In today’s Wall Street Journal, John O. Norquist, a former Democratic mayor of Milwaukee, defends an effort from Wisconsin Gov. Scott Walker to eliminate the income threshold regulating entry to the Milwaukee voucher program, which currently is open only to low-income students. The threshold has had the effect, Norquist writes, “of isolating low-income students from other more affluent students.” By contrast, most Western nations have a much greater enhanced form of parental school choice, and their urban centers are economically and racially diverse as a result.

People with children and money don’t cluster outside European or Canadian cities to avoid sending their kids to school with the poor. And the poor who live in cities have the opportunity to attend public, private and parochial schools that are appreciated by a large cross section of parents.

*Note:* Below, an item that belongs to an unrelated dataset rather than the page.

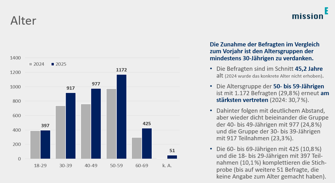 Über 3.900 Beschäftigte haben sich die Zeit genommen, an der Umfrage zum Energie- und Mobilitätsverhalten 2025 teilzunehmen – ein Zuwachs von knapp 25 % gegenüber 2024. Dafür nochmals ein herzliches Dankeschön alle, die mitgemacht haben! An strengen statistischen Kriterien gemessen sind die Umfrageergebnisse zwar nicht repräsentativ. Dennoch können sie eine gewisse Repräsentativität beanspruchen: Zum einen haben fast 4.000 Beschäftigte aller Geschlechter, Alters- und Laufbahngruppen aus allen Ressorts und der Staatskanzlei teilgenommen. Und zum anderen bestätigen die Ergebnisse aus diesem Jahr insgesamt gesehen die Befunde des Vorjahres – ein paar zentrale Ergebnisse fallen sogar noch etwas besser aus als im Jahr 2024.

American liberals have been reluctant to embrace school choice, fearing it will drain resources from government-operated schools. Yet isn’t it even worse to support a system that rewards concentration of the rich in exclusive suburbs segregated from the poor? Of course there are affluent people (Bill Clinton and Barack Obama come to mind) who enroll their children in urban private schools like D.C.’s Sidwell Friends, which still has some children enrolled from the choice program. Many more, including middle-class parents, would live in economically and racially diverse cities once school choice was universally available.

If expanded, Milwaukee’s choice program will demonstrate this to the whole country.

Opposition to Walker’s plan to expand the program has come in recent weeks from a stalwart defender of the school choice movement, Howard Fuller. While Fuller has supported raising the income limit of the Milwaukee voucher to include more moderate-income people, he said making the program universally accessible to students in all income levels “essentially provides a subsidy for rich people.”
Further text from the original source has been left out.